9. I understand it is a challenging task in practice to get the right balance as there are many factors at play. The process will be an iterative one, there will likely be mistakes made along the way in some of our estimates and projections, but I believe we can move closer to our optimal target over time if we continue to work closely with our clusters, professional bodies and medical professionals on the ground, share data with one another and engage in open communication.
JCI Accreditation
10. The third and final issue I would like to touch on is JCI. One of the reasons our healthcare institutions go for JCI accreditation is to regularly benchmark themselves and continually improve processes and outcomes. I support this objective, but we have to ask ourselves if it is still necessary and desirable for our public healthcare institutions to pursue JCI accreditation, especially when some of the JCI components are US-centric and not applicable to our local context. Over time, we may have reached a point of diminishing returns as healthcare institutions have already put in place many of the systems and processes, and also embarked on value innovation and other quality improvement initiatives as part of their core operations.
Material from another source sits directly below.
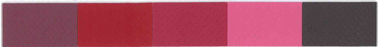
Burgundy Cardinal Red Red* Bright Pink Brown*

11. One unintended consequence of JCI is that it encourages healthcare institutions to “chase awards” in the name of quality improvement. Different groups of healthcare professionals have told me frankly that they worry JCI has lost its original meaning. During the audit period, institutions would operate in a way which is quite different from day-to-day practice. This is not the true spirit of healthcare quality, which is about doing the right thing even when nobody is looking. Furthermore, it is also a costly and time-consuming exercise to go through the preparation and audits.
12. If there are more relevant and less resource-intensive methods of achieving the same objective, MOH and our public healthcare institutions should be prepared to drop JCI. We may not need to develop new initiatives, as my sense is that our institutions are already closely monitoring different safety and outcome indicators, and have developed strong organisational cultures that encourage continuous quality improvement. So perhaps it is time to consider stopping JCI completely, so that we reduce unnecessary administrative burden for our healthcare institutions and healthcare professionals, and allow them to focus on more important outcomes like improving patient care and enhancing value for patients.
Conclusion
13. Today’s affirmation ceremony is a timely reminder of the ethical values and professional standards that you have pledged to uphold. Singapore society accords a high degree of respect for our doctors, based on the trust and confidence built over many generations. The bedrock of your professional practice must therefore always rest on maintaining this sacred trust through high standards of care, conduct and behaviour. Let’s continue to work together to help Singaporeans achieve better health and a better life. Thank you.